M&S was already having problems in the UK even 10 years ago when I was working there [at Flamingo in London]. We were getting loads of briefs from M&S needing to rejuvenate its brand. It was a decade ago; I feel nothing much has changed.

I remember when we went to one of the M&S briefing sessions, we had told them all the issues with their style, fits and price, and their answer was: "Yes, we know all that, but could you make the current offerings work?" We never worked on any projects or finished any work as they got cancelled. We were told that M&S headquarters was revisiting its strategy and we never ever heard back.

Obviously, I don’t know the inner workings of M&S management, but you can get a good feeling from these experiences and contrast that with the level of commitment that other brands have for China.



OC&C Strategy Consultants

[Editor's note: Martin was Marks & Spencer's regional director for Asia from January 2012 to November 2013, when he was supporting the growth of 130+ stores in China, Hong Kong, India and Southeast Asia, as well as the launch of M&S’s e-commerce site in China.]

When a brand decides to leave a particular market, there is always an impact on its reputation. People get disappointed that they cannot buy the brand anymore. This did not only happen in China for M&S. It also happened in France where M&S left the French market twice, the second time for the same reason as in China.

One thing I want to emphasise is that there is no reason to comment on M&S's decision to leave China in a negative way. It is just a mature, responsible decision made in a context of limited overall resources and as a matter of prioritisation.

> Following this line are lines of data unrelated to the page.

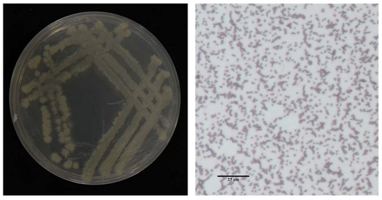Eight bacterial isolates exhibiting inhibitory activity against the rice sheath rot pathogen were isolated from surface-sterilized tissues of healthy rice roots. Among these, isolate 7-A demonstrated significantly stronger antagonistic potential compared to the others and was selected for further characterization (Table 2). In LB medium, isolate 7-A formed milky white, opaque colonies with irregular (possibly serrated) margins on Luria–Bertani agar (LA) plates. Microscopic examination revealed short rod-shaped cells, consistent with typical Bacillus morphology (Figure 4).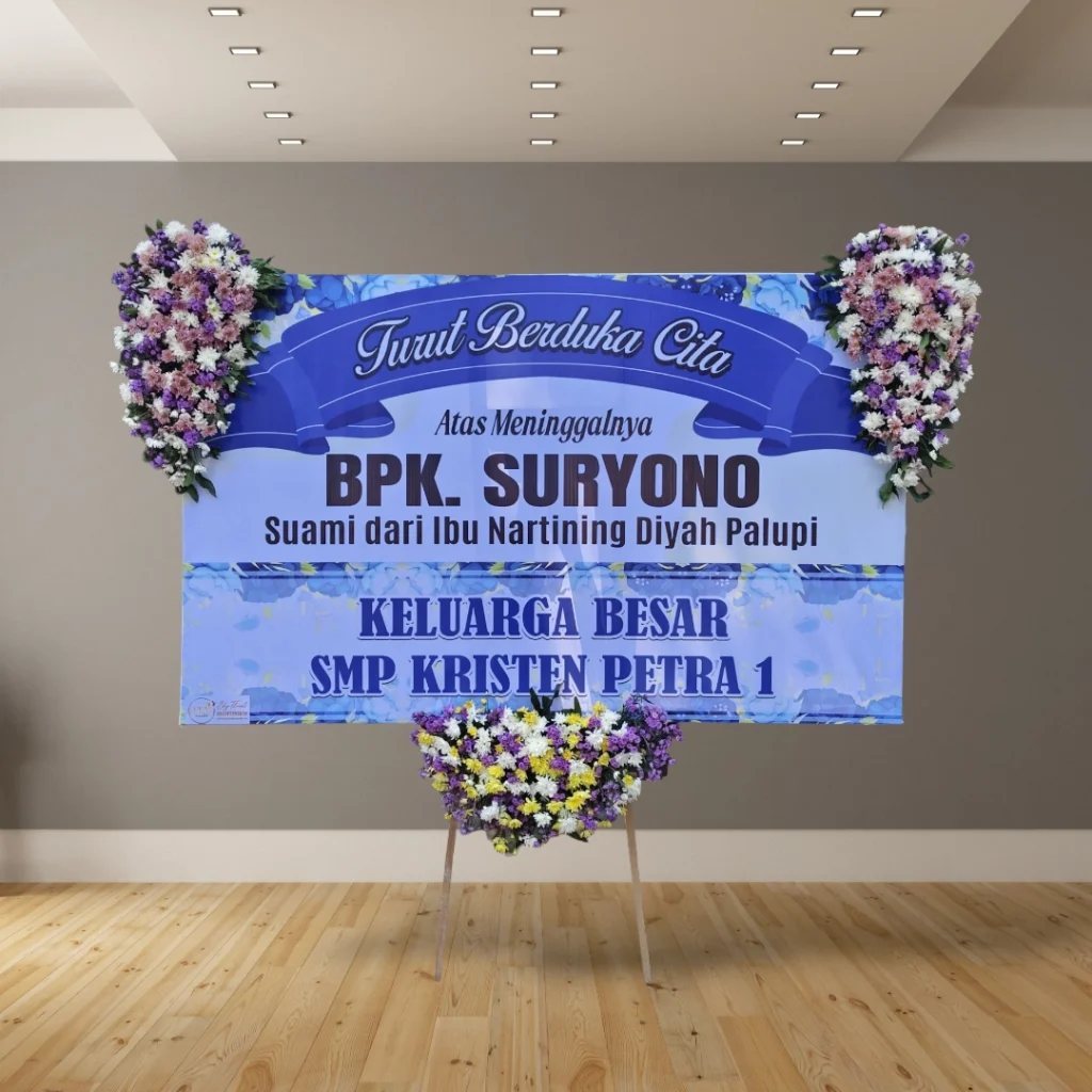 • Desain custom: Tambahkan logo perusahaan, nama almarhum/almarhumah, atau ucapan duka cita yang personal.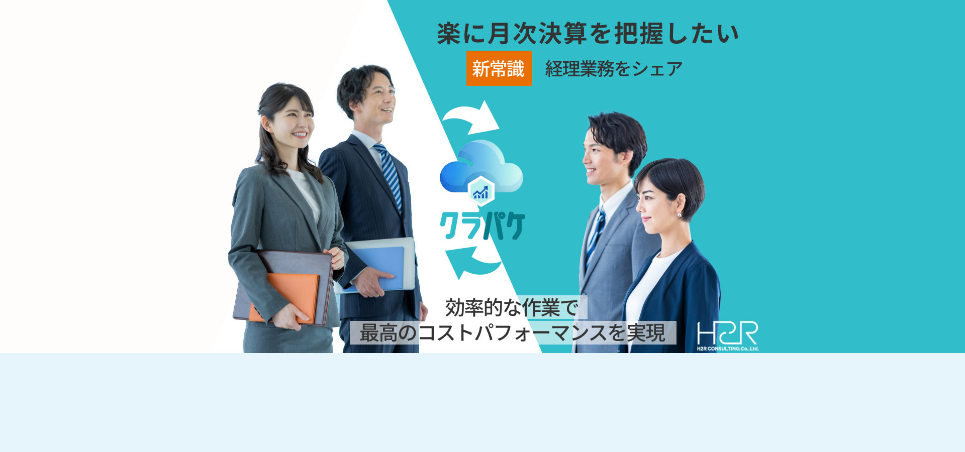社内で経理担当を採用・育成する場合には、採用費・人件費・教育・引き継ぎリスクなど大きなコストが発生しますが、クラパケでは 必要なデータ整理は企業様、月次決算作成はH2Rコンサルティングが担当する共同型のため、

China required large long-term investments in all aspects of the business (product, communications, store expansion, internet) before getting a return. And M&S had other major projects that also required a lot of investment, like the development of their e-commerce platform and logistics in the UK. They could not do everything at the same time and chose to invest in the capabilities that seemed to give them the best likely return in the long run.

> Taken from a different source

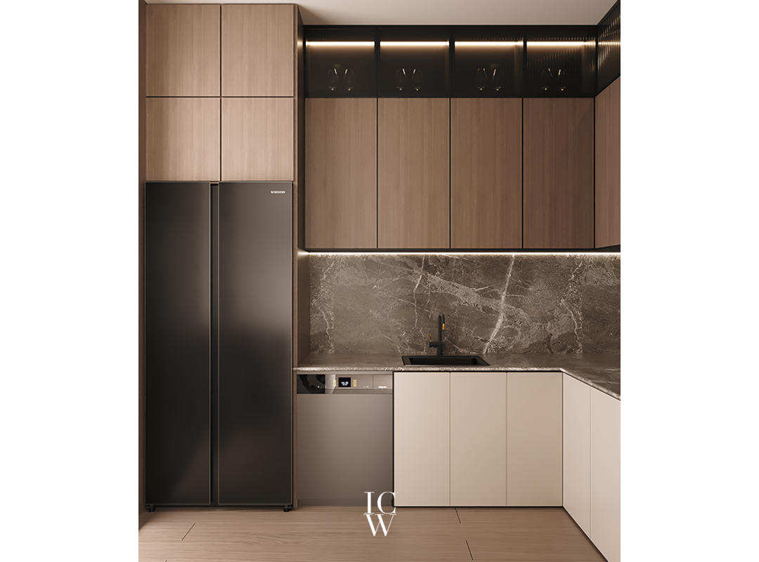 餐廚區以米色櫃體延伸視覺溫暖,流暢的線條與黑色石材餐桌形成質感對比;古銅金屬與玻璃展示櫃散發微光,塑造材質之間的協調與層次美。

The possibility of the Marks & Spencer brand re-entering China under a different business model is there. Many brands operate in China through a cross-border e-commerce model. Therefore it is conceivable that Chinese customers who like the M&S brand may wish to shop on and get M&S goods delivered directly from the UK. I am not sure if the brand's website supports deliveries to China yet, but if it does not, it would not be very difficult to make this happen: M&S goods can already be shipped directly from the UK to Australian customers.

M&S did not have a lot of brand equity in China because the number of physical M&S stores was never very big (15 stores only). In a recent OC&C research report, we showed that there is a strong correlation between brand equity and the number of stores that a brand has opened in China. Even with the growing importance of the e-commerce channel, stores remain the key brand experience driver for retailers, and therefore the key contributor to brand awareness.

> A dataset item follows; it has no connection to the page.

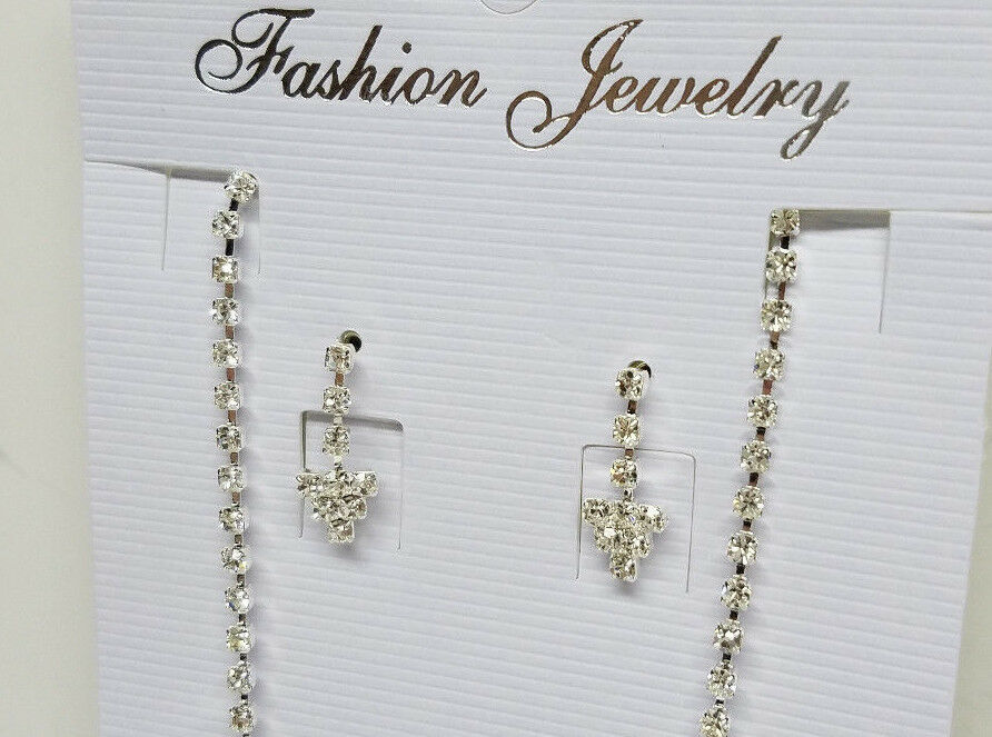 BRAND NEW WOMEN'S FASHION JEWELRY SET. Beautifully Designed Silver Necklace & Stud Earrings laced with Sparkling Rhinestone Crystals. Necklace adjustable 16''-18'' with Lobster Clasp. Great for that special occasion - Wedding, Bridal, Prom, Sweet 16, Parties, etc. Nice Quality Item / Well Crafted / GREAT Price Please check my auctions for more Fashion Jewelry. Super low prices - make great gifts. PLEASE TAKE A MOMENT TO VIEW OUR OTHER LISTINGS AND VISIT OUR STORE FOR A LARGE SELECTION OF ADDITIONAL ITEMS ALWAYS FEEL FREE TO CONTACT US WITH ANY QUESTIONS YOU MAY HAVE Item will ship by USPS First Class Mail w/ tracking #. >>USA SELLER<<  with fast same day shipping (Monday - Saturday) if paid by 5pm Eastern Time. We combine shipping for multiple purchases. Buyer is charged shipping on the item with the highest shipping cost, all additional items ship for free. If shipping outside the USA, buyer must use the "eBay Global Shipping Program".

M&S's decision to leave China is just a mature, responsible decision made in a context of limited overall resources.

When it comes to marketing communications, in general retailers like M&S consider that the storefront (windows, imagery, visual merchandising) is their main communication medium. Another retailer, Zara, is famous for not investing in advertising at all. Therefore it is not surprising that M&S did not spend a lot on communications in China, apart from events with celebrities and limited campaigns to support store openings. Then, after the decision was made to leave China, it was even less of a priority to invest in communications.

In the UK, where M&S is much more active in the local media, the brand leverages the full range of communication channels, from TV to the internet.